“The child is better dead than lost”
– Ukwuani Proverb
My children grew up staying mostly with me. They did not go to boarding school and even when they went away on holiday, I cannot recall them spending two or three weeks away at a stretch.
At about 18 when the eldest moved into the hostel after her admission to the university in Lagos, there was hardly any weekend when I did not find an excuse to visit, often under the pretext of taking some needed provision to her.
I’ve found that I’m not alone. If we can help it, we, parents, want our children to be near, until it becomes inevitable to empty the nest.
My moment of truth came in 2010 when the same eldest child who had been at the University of Lagos, had to transfer to the US to continue her studies.
It was my lot to take her to school just weeks after Mutallab, the Nigerian underwear bomber, had made entering US hell for Nigerians. Going through immigration was a nightmare, but that was the beginning of my emotional roller coaster.

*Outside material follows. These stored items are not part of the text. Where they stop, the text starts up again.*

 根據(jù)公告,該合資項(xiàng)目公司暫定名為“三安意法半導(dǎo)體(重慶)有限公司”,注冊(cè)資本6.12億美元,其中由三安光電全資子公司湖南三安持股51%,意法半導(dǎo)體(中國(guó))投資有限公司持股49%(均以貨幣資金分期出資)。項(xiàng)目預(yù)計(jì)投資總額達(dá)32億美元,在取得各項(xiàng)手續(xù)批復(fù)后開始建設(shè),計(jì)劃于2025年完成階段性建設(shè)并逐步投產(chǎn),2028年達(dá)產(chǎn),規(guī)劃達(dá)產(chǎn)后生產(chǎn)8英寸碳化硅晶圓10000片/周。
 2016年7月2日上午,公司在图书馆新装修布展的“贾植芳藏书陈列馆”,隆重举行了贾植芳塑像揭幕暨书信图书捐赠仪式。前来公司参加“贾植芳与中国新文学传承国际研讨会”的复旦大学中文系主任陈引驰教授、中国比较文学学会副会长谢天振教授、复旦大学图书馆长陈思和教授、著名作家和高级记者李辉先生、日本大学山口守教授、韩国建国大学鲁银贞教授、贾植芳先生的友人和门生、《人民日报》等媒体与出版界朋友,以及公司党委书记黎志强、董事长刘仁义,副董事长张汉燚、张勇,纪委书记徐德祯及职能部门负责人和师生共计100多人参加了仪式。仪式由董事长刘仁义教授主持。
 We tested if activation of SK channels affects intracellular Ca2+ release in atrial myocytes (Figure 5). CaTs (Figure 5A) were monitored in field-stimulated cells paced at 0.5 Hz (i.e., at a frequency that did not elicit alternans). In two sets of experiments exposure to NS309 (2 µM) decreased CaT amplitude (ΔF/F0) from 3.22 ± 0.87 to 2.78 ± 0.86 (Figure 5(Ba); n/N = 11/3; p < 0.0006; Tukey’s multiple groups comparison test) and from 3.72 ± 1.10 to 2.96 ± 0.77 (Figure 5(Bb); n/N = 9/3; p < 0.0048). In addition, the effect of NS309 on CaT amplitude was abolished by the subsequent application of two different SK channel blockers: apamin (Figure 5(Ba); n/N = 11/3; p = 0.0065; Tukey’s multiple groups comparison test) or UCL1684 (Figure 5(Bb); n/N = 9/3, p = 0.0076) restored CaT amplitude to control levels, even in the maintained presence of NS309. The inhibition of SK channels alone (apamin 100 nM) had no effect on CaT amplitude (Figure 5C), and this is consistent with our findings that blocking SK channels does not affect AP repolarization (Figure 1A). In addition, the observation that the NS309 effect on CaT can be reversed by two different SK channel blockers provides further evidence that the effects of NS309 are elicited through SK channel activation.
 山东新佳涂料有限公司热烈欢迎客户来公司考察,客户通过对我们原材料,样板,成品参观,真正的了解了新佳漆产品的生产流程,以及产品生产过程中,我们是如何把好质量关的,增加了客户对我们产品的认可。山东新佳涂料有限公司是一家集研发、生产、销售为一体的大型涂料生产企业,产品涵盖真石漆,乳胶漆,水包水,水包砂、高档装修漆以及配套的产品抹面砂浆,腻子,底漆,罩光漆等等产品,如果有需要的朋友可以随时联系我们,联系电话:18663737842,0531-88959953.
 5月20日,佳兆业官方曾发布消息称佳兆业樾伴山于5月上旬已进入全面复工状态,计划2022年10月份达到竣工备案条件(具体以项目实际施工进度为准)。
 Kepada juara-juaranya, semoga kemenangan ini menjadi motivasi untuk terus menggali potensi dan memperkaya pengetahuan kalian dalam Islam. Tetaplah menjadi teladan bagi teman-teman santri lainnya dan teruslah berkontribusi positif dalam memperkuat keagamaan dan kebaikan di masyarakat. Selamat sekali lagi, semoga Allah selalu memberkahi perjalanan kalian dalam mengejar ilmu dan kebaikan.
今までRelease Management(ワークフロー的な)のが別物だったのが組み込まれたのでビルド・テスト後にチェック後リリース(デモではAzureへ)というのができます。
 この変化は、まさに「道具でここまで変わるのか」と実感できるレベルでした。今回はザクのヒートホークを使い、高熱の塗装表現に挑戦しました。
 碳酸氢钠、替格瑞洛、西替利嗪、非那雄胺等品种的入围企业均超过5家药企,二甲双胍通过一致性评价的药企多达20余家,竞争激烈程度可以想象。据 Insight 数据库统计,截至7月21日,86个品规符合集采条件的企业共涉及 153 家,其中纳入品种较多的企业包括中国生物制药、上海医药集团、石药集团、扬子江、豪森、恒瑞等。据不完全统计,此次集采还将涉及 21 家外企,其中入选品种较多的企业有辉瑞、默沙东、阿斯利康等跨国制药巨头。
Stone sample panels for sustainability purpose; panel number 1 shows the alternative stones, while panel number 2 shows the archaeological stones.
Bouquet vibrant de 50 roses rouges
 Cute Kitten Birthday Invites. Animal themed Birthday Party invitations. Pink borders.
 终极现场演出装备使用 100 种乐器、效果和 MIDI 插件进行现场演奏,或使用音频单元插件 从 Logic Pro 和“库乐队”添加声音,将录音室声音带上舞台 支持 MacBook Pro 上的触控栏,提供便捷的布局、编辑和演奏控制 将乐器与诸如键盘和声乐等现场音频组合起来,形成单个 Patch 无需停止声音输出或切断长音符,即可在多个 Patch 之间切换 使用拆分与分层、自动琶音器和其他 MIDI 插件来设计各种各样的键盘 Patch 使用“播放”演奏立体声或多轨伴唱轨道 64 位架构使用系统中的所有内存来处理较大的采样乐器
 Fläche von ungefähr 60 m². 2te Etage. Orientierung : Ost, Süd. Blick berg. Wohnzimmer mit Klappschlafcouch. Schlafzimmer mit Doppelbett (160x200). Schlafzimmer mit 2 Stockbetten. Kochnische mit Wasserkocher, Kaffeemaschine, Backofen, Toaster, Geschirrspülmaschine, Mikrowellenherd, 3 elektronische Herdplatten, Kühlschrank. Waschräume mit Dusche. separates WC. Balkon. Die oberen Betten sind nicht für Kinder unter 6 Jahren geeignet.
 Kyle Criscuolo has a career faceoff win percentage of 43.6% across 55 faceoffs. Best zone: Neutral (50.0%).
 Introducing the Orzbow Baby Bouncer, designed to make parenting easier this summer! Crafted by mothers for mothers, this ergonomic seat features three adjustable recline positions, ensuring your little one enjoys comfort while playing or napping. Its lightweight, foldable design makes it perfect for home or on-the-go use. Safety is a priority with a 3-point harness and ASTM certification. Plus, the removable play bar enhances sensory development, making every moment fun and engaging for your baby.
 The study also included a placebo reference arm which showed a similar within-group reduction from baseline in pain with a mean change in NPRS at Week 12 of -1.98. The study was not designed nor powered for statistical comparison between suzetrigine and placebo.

After she completed her registration at school and it was time for me to return, the humiliation at the US border control on our arrival paled into insignificance compared with the trauma of leaving her behind.
Was I really going to leave behind all by herself nearly 10,000 miles away from home and family? Was I going to leave her in a place where if ever she made a distress call I would be unavailable even 24 hours after her call for help?
Was transferring her to school in the US thousands of miles away from home the right decision?
On that last day of my visit to her dormitory on my way to the airport back to Nigeria, after we hugged, said our goodbyes and she closed the door, I still stood there outside her door for a very, very long time, before I slunk off. It was hard.
Yet, this was not supposed to be a sad separation.
Since February 19 when Boko Haram kidnapped 110 girls from Dapchi, I’ve been thinking about that day in Austin, Texas, when I left my daughter all by herself, for the first time in both of our lives, not knowing what was going to happen to her after my departure.
If I could be so deeply confused and saddened by the prospects of her safety in a largely secure place, then I wonder how the parents of the Dapchi 110 must be feeling, losing the apples of their eyes to murderous strangers with no idea where they are now and what is happening to them.
Buhari came close to this experience in a public way, lately. In December, his son, Yusuf – his only son – was involved in a bike accident that nearly claimed his life.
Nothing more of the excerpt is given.